Paper Project Page Dataset Code

Evaluation code for CRONOS-Benchmark. Given a generated video and a reference sequence from the dataset, this repo runs all predictions and computes the six benchmark metrics.

Repository layout

CRONOS-Benchmark/
├── config.py                   # model paths and hyperparameters
├── requirements-cronos.txt     # Python deps for the cronos environment
├── constraints-cronos.txt      # torch version pins (prevents pip from upgrading)
├── setup_cronos.sh             # sets up the 'cronos' conda environment
├── setup_sam3d.sh              # sets up the 'cronos-sam3d' conda environment
├── scripts/
│   ├── run_predictions.sh  # orchestrates all 7 prediction steps
│   ├── run_sam.py          # SAM3 video segmentation
│   ├── run_cotracker.py    # CoTracker point tracking
│   ├── run_sam3d.py        # SAM3D per-object 3D reconstruction
│   ├── run_dino.py         # DINOv2 temporal embeddings
│   ├── run_dismo.py        # DisMo motion embeddings
│   └── run_qwen.py         # Qwen VLM task-performance evaluation
└── metrics/
    ├── metrics.py          # compute and aggregate all metrics
    └── utils.py            # shared loading and scaling utilities

Models

Model Role Source
SAM3 Video object segmentation (prompt → per-frame masks) Clone locally; set SAM3_MODEL_PATH in config.py
SAM3D-Objects Per-object 3D mesh reconstruction from video Clone locally for source code (SAM3D_OBJECTS_DIR); checkpoints downloaded automatically from HF Hub (facebook/sam-3d-objects)
CoTracker3 Dense point tracking across frames Loaded via PyTorch Hub (facebookresearch/co-tracker)
DisMo Motion representation embeddings Loaded via PyTorch Hub (CompVis/DisMo)
DINOv2 Visual feature embeddings for object consistency Loaded via PyTorch Hub (facebookresearch/dinov2)
Qwen3-VL VLM task-performance evaluation HuggingFace model ID or local path; set QWEN_MODEL_PATH in config.py
CLIP Visual features used by SAM3D pipeline Download locally; set CLIP_MODEL_PATH in config.py

Installation

Prerequisites

  • Linux x86_64 with an NVIDIA GPU (≥24 GB VRAM for Qwen3-VL-32B; ≥16 GB for all other models)
  • CUDA 12.4 driver (nvidia-smi must work)
  • Miniconda or Mamba
  • nvcc (CUDA 12.4 toolkit) in PATH — required only for the SAM3D environment
  • ~80 GB of free disk space (model weights + environments)

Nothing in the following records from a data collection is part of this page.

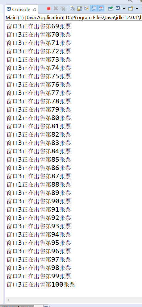 System.out.println(Thread.currentThread().getName()+"正在出售第"+ticket+"张票");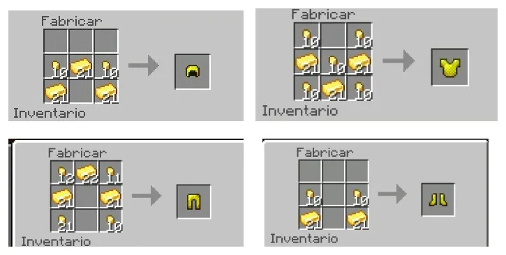 Усиленная золотая броня. Эта новая усиленная золотая броня слабее алмазной, но прочнее железной. Крафт этой брони состоит из золотой кольчужной брони и золотых блоков.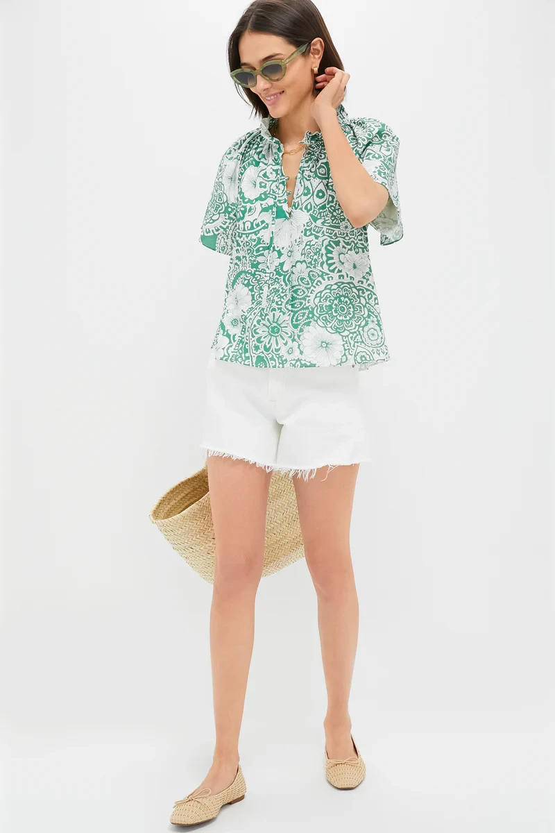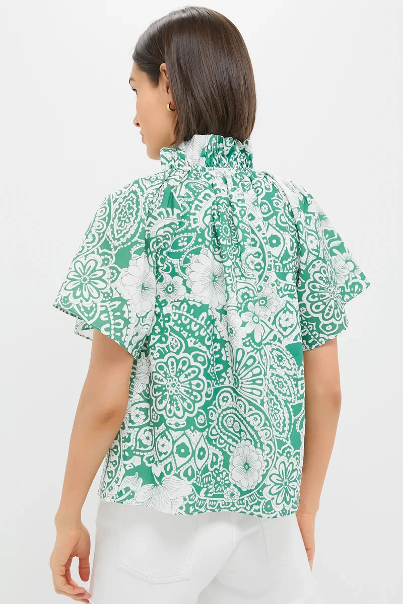 Green & White Floral Thea Blouse

Step 1 — Clone model repositories

Clone the following repos to a common directory (e.g. models/) and update the paths in config.py:

MODELS_DIR=/path/to/models

# SAM3 (video segmentation)
git clone https://github.com/facebookresearch/sam3 "$MODELS_DIR/sam3"

# SAM3D-Objects (3D reconstruction — source code only; checkpoints are fetched from HF Hub automatically)
git clone https://github.com/facebookresearch/sam-3d-objects "$MODELS_DIR/sam-3d-objects"

# Qwen3-VL (VLM evaluation — includes qwen-vl-utils)
git clone https://github.com/QwenLM/Qwen3-VL "$MODELS_DIR/Qwen3-VL"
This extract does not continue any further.